Aim of the task: Exactly the lines from the start of the data below through the line that contains "Puis la continuation" are to be copied, with pictures left out.

━━ Recorded data

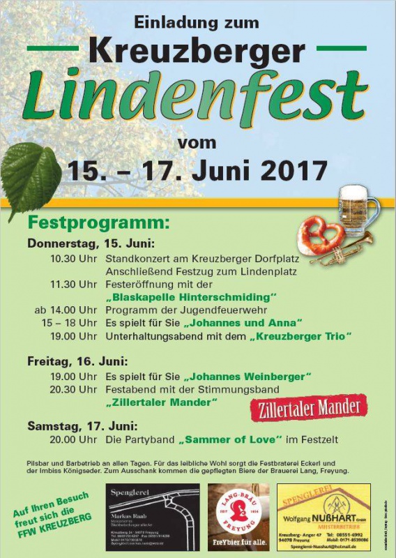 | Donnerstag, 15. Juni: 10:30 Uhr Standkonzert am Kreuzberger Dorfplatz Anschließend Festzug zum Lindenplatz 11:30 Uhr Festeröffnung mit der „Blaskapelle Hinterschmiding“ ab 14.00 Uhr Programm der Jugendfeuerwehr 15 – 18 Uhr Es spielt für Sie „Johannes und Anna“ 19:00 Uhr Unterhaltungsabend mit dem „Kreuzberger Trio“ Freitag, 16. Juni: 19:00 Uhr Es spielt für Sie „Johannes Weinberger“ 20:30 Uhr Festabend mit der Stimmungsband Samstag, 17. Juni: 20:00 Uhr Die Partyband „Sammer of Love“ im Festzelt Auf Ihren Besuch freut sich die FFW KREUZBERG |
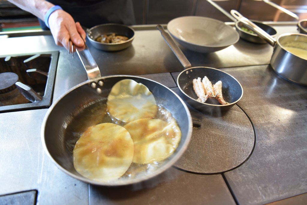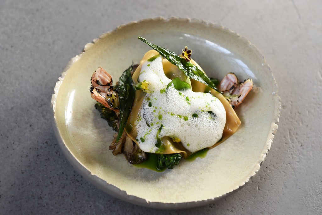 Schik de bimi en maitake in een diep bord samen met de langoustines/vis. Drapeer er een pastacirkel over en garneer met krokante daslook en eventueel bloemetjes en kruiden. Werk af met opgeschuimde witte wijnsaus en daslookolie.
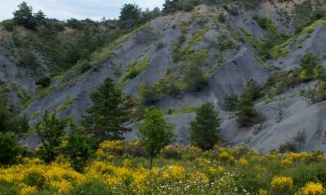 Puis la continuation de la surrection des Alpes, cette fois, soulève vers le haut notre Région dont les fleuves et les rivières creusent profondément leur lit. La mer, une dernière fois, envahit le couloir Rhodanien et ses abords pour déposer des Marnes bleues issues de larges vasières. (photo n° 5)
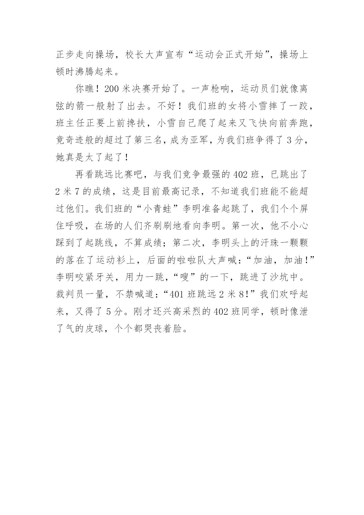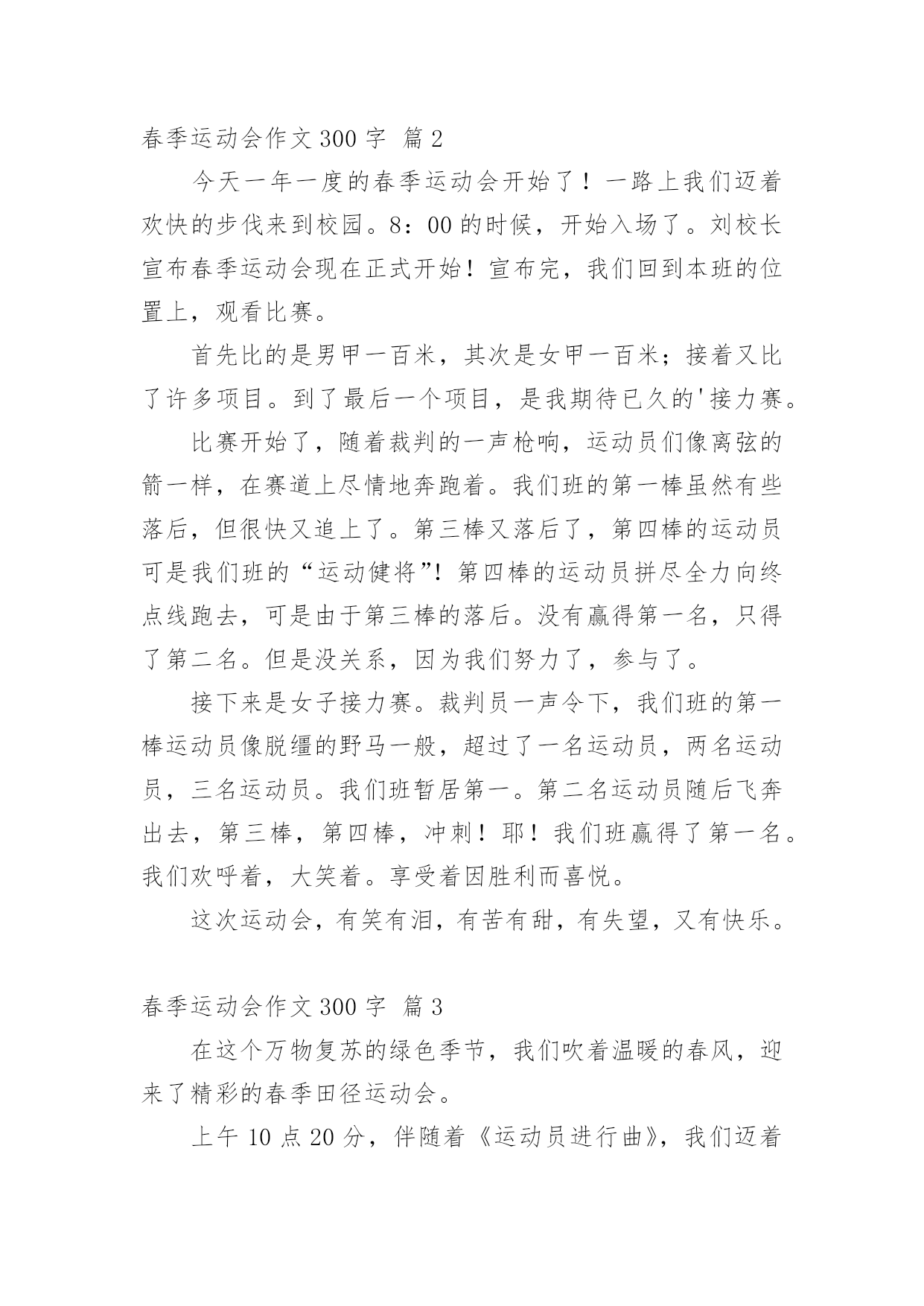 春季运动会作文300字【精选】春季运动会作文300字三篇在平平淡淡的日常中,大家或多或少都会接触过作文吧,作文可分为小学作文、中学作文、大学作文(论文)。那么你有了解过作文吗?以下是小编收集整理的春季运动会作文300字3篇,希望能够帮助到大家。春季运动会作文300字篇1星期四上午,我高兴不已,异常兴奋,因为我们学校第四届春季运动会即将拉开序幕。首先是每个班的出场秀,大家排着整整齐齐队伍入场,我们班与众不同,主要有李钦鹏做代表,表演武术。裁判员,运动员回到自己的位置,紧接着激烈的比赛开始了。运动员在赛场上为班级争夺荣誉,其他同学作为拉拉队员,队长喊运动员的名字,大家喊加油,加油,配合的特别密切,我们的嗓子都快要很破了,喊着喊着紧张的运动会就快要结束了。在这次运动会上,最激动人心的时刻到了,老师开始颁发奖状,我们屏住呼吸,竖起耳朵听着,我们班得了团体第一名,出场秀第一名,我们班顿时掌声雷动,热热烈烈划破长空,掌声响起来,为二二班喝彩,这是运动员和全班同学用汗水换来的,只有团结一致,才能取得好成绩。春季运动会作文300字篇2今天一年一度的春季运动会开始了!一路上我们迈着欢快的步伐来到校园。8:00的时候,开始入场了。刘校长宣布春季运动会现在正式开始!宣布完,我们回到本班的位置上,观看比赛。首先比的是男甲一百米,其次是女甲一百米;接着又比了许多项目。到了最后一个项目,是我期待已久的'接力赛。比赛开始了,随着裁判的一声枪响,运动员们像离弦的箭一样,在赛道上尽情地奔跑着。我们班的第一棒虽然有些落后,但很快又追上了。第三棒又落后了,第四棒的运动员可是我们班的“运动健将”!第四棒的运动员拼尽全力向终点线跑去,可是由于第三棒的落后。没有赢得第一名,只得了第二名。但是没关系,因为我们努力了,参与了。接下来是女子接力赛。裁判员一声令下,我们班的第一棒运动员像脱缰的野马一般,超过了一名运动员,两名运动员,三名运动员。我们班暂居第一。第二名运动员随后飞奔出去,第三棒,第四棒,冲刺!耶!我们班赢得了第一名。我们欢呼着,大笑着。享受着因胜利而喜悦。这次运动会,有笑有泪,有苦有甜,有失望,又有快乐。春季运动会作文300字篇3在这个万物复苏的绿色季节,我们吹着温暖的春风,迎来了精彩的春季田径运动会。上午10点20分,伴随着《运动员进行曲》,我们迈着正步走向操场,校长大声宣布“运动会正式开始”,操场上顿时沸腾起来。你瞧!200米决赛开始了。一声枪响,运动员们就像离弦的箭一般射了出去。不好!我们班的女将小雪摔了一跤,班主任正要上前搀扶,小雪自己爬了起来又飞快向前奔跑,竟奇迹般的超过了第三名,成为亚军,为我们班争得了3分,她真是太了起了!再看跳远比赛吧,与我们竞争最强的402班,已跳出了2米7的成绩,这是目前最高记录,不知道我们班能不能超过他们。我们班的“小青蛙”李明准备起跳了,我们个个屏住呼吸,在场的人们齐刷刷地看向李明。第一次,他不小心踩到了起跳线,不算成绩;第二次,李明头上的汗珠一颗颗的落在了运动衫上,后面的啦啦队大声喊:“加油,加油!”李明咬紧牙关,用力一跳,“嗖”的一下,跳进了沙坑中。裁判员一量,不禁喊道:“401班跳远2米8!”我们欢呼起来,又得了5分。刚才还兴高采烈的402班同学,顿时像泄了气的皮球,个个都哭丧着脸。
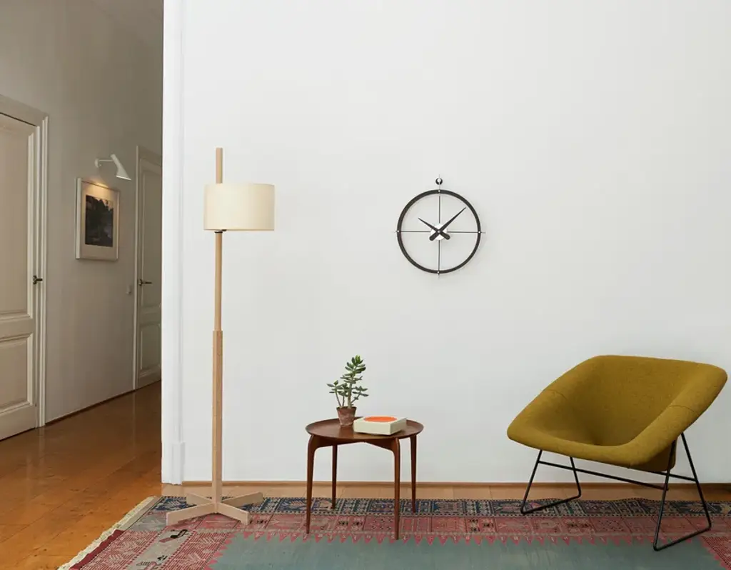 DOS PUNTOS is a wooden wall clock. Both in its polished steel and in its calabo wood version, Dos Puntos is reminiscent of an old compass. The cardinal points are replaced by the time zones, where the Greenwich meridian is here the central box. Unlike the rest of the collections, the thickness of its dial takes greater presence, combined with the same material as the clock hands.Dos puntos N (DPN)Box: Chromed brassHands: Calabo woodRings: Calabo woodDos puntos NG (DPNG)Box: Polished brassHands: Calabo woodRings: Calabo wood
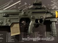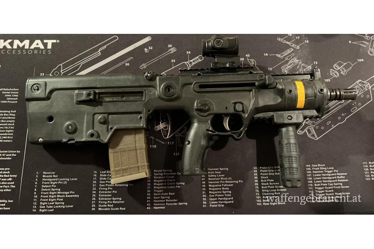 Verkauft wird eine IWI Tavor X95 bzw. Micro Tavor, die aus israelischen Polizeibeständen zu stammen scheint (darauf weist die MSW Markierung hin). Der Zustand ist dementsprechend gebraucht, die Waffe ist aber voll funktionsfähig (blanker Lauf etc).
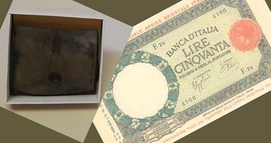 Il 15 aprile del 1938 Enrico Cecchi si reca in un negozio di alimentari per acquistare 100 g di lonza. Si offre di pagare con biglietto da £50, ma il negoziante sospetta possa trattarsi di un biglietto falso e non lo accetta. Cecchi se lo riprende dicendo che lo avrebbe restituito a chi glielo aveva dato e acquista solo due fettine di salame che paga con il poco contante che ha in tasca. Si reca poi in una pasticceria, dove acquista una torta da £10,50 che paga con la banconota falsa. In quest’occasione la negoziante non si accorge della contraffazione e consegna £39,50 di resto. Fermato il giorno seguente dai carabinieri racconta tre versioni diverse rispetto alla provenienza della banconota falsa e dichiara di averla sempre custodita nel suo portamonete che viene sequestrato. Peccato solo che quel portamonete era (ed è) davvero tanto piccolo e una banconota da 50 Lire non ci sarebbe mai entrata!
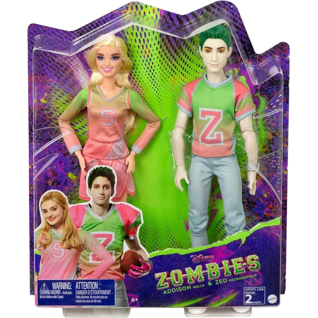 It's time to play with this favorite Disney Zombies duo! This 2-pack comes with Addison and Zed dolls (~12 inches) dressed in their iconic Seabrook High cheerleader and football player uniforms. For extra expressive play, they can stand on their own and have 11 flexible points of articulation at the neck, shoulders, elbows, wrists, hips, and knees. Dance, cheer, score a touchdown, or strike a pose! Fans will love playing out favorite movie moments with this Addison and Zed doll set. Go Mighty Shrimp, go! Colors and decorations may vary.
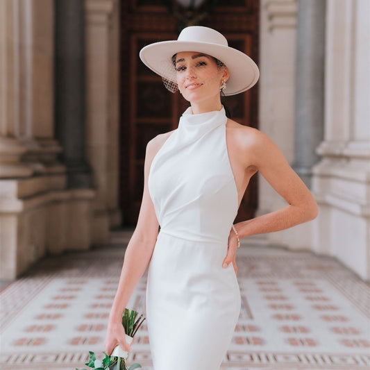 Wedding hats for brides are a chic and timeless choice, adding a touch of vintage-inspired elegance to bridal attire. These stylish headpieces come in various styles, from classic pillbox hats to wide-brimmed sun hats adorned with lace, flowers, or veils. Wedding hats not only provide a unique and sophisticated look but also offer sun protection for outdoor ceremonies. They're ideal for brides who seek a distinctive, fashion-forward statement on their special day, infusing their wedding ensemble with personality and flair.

━━━━

Answer to this task:
 | Donnerstag, 15. Juni: 10:30 Uhr Standkonzert am Kreuzberger Dorfplatz Anschließend Festzug zum Lindenplatz 11:30 Uhr Festeröffnung mit der „Blaskapelle Hinterschmiding“ ab 14.00 Uhr Programm der Jugendfeuerwehr 15 – 18 Uhr Es spielt für Sie „Johannes und Anna“ 19:00 Uhr Unterhaltungsabend mit dem „Kreuzberger Trio“ Freitag, 16. Juni: 19:00 Uhr Es spielt für Sie „Johannes Weinberger“ 20:30 Uhr Festabend mit der Stimmungsband Samstag, 17. Juni: 20:00 Uhr Die Partyband „Sammer of Love“ im Festzelt Auf Ihren Besuch freut sich die FFW KREUZBERG |
 Schik de bimi en maitake in een diep bord samen met de langoustines/vis. Drapeer er een pastacirkel over en garneer met krokante daslook en eventueel bloemetjes en kruiden. Werk af met opgeschuimde witte wijnsaus en daslookolie.
 Puis la continuation de la surrection des Alpes, cette fois, soulève vers le haut notre Région dont les fleuves et les rivières creusent profondément leur lit. La mer, une dernière fois, envahit le couloir Rhodanien et ses abords pour déposer des Marnes bleues issues de larges vasières. (photo n° 5)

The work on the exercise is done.